We cannot argue with either of those sentiments — but he went on to link the maintenance of anti-lock systems with the soon-to-be-published annual report of the DTp's Vehicle Inspectorate, which will reveal that an alarmingly high number of HGVs still fail their annual tests through braking system faults. The implication of Bottomley's statement is that an increasing number of vehicles fail their tests through poorly-maintained anti-lock systems. We know of no hard evidence to support this. If the DTp has such evidence it should publish it.

Already the lack of precise information about the causes of annual test failures is a problem for those who are trying to do something about them. The information published by the DTp does not make it clear how serious the braking system faults are, for example, nor whether some of the odd failure statistics result from inconsistencies between brake testing machines at different stations. Certainly the more widespread use of sophisticated "Category 1" anti-lock systems, which will result from the imminent issue of an EEC Directive on the subject, will exacerbate this situation.

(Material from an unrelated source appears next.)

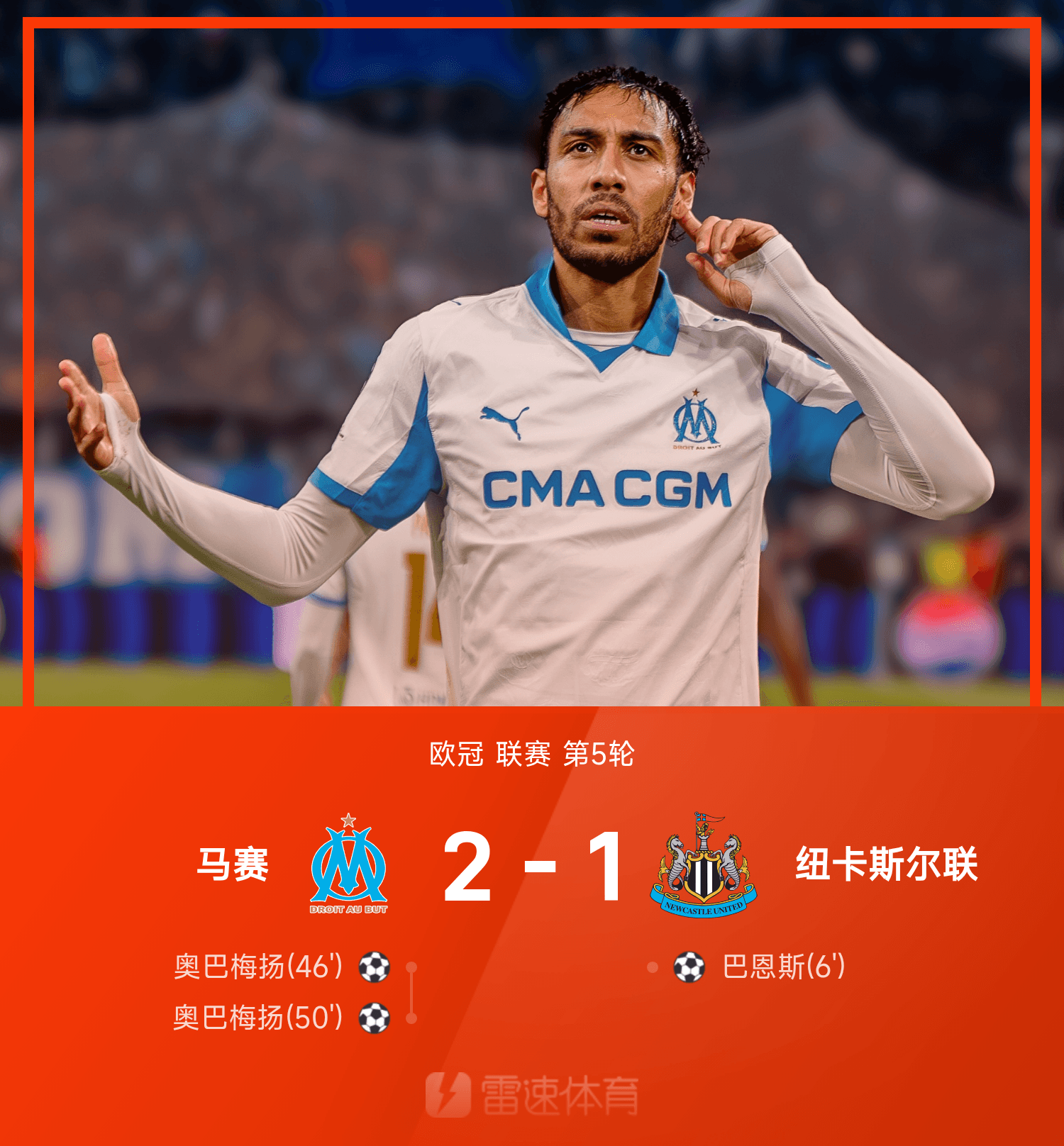 雷速體育11月26日訊 歐冠聯(lián)賽階段第5輪,馬賽主場(chǎng)2-1擊敗紐卡斯?fàn)柭?lián)。

Not, as Bottomley suggests, because operators will be unable to maintain them properly, but because at present the DTp is woefully ill-equipped to test them properly.

For a government so obviously keen to keep a tight grip on its purse strings, the kind of expenditure required to give its testing stations roller testers suitable for proper testing of anti-lock equipped trucks and buses must be a bitter pill to swallow.

Perhaps it is this prospect that lies behind the warning given by Bottomley's colleague, Sir Alan Bailey, DTp permanent secretary. Speaking at the RHA conference in Madeira, he said that some form of privatisation of DTp testing stations is again under consideration. The last time the Government tried such an ill-considered move it was forced to back down by remarkably widespread and vehement opposition to the plan. Why it believes that opposition will be any less vehement this time we cannot imagine.

There can be no question that the kind of annual test problems highlighted by Bottomley's recent statement would only grow much worse if the plans outlined by Sir Alan come to fruition.